Deep Learning agent of Starcraft2, similar to AlphaStar of DeepMind except size of network.

Overview

Introduction

This repository is for Deep Learning agent of Starcraft2. It is very similar to AlphaStar of DeepMind except size of network. I only test my code with Minigame, Simple64 map of PySC2. However, I am sure this code will work at more large scale game if network size is grown.

I am going to implement the IMPALA method soon for training the full game using RL.

Reference

  1. Download replay file(4.8.2 version file is needed): https://github.com/Blizzard/s2client-proto/tree/master/samples/replay-api
  2. Extracting observation, action from replay file: https://github.com/narhen/pysc2-replay
  3. FullyConv model of Tensorflow 1 version: https://github.com/simonmeister/pysc2-rl-agents
  4. Supervised Learning technique: https://github.com/metataro/sc2_imitation_learning/tree/8dca03e9be92e2d8297a4bc34248939af5c7ec3b

Version

Python

  1. Python3
  2. PySC2 3.0.0: https://github.com/deepmind/pysc2
  3. Tensorflow-gpu 2.3.0
  4. Tensorflow-probability 0.11.0
  5. Hickle 4.0.4
  6. Pygame 1.9.6
  7. Sklearn

Starcraft2

  1. Client 4.8.2: https://github.com/Blizzard/s2client-proto#downloads
  2. Replay 4.8.2

PC capaticy

  1. One NVIDIA Titan V
  2. 32GB RAM

Network architecture

Notice

There may be a minor error such a GPU setting, and network size.

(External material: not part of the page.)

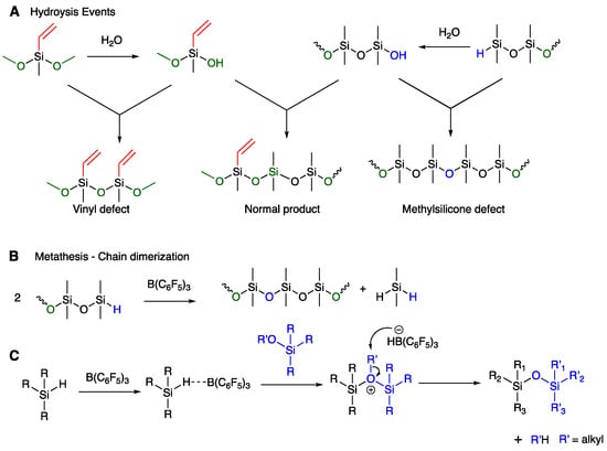 The ideal spacing of vinyl groups was not always observed in these reactions. We attribute this observation to defects introduced by hydrolysis/condensation and metathesis; hydrolysis [29] and metathesis [28,37] reactions are promoted by B(C6F5)3. In both cases, the first formed SiOH groups can undergo condensation to give chain extension. SiH groups in the presence of B(C6F5)3 can also undergo metathesis reactions leading to longer polymers and coproduction of Me2SiH2. Either of these processes will lead to a defect in the chain with either a double or missing vinyl group (Figure 4A,B). Both of the processes leading to defects are less efficient/less rapid than the PR reaction. Thus, an advantage of the use of 1/1 [SiOMe]/[SiH] stoichiometry is a lower likelihood of defects. Note that we currently do not have the analytical capacity to detect these defects.

However, you can run it without major modification because I check that latest code works for Superviesed, Reinforcment Learning. It is not easy to check every part of code because it is huge.

Supervised Learning

I can only check that model with LSTM works well in Supervised Learning. FullyConv model does not show good performance yet although it fast then LSTM model for training.

Simple64

To implement AlphaStar susuccessfully, Supervised Training is crucial. Instead of using the existing replay data to check simple network of mine, I collect amount of 1000 number of replay files in Simple64 map using only Terran, and Marine rush from two Barrack with Random race opponent.

First, change a Starcraft2 replay file to hkl file format for fast training. It will remove a step of no_op action except when it is occured at first, end of episode and 8 dividble step. You need a around 80GB disk space to convert number of around 1000 replay files to hkl. Current, I only use replay file of Terran vs Terran.

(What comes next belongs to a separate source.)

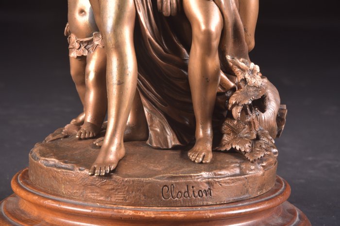 Het beeld draagt de signatuur Clodion en is vervaardigd in de 2e helft van de 19e eeuw. Het betreft een uitvoering van mooie kwaliteit, dit is bijvoorbeeld te zien aan de fraaie detaillering van gezichten, kleding en handen.

$ python trajectory_generator.py --replay_path [your path]/StarCraftII/Replays/local_Simple64/ --saving_path [your path]/pysc2_dataset/simple64

After making hkl file of replay in your workspace, try to start the Supervised Learning using below command. It will save a trained model under Models folder of your workspace.

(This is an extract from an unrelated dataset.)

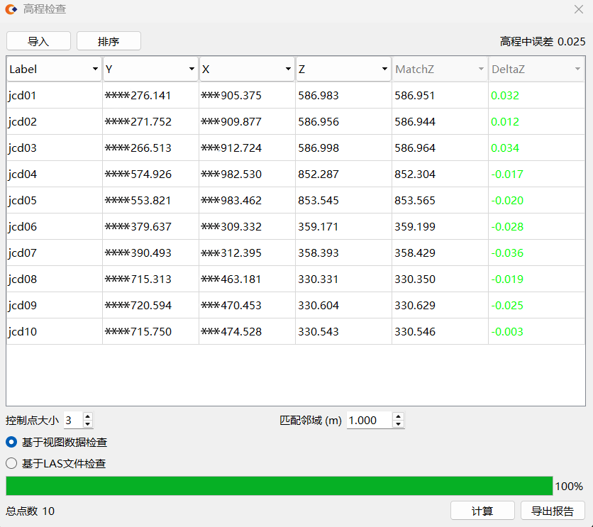 为了验证点云成果的精度,我们实地采集了10个检查点与成果数据进行比对,得出高程精度中误差为2.5公分。

$ python run_supervised_learning.py --workspace_path [your path]/AlphaStar_Implementation/ --model_name alphastar --training True --gpu_use True --learning_rate 0.0001 --replay_hkl_file_path [your path]/pysc2_dataset/simple64/ --environment Simple64 --model_name alphastar

You can check training progress using Tensorboard under tensorboard folder of your workspace. It will take very long time to finish training becasue of vast of observation and action space.

Below is code for evaluating trained model

python run_evaluation.py --workspace_path [your path]/AlphaStar_Implementation/ --gpu_use True --visualize True --environment Simple64 --pretrained_model supervised_model

Video of downisde is one of behavior example of trained agent.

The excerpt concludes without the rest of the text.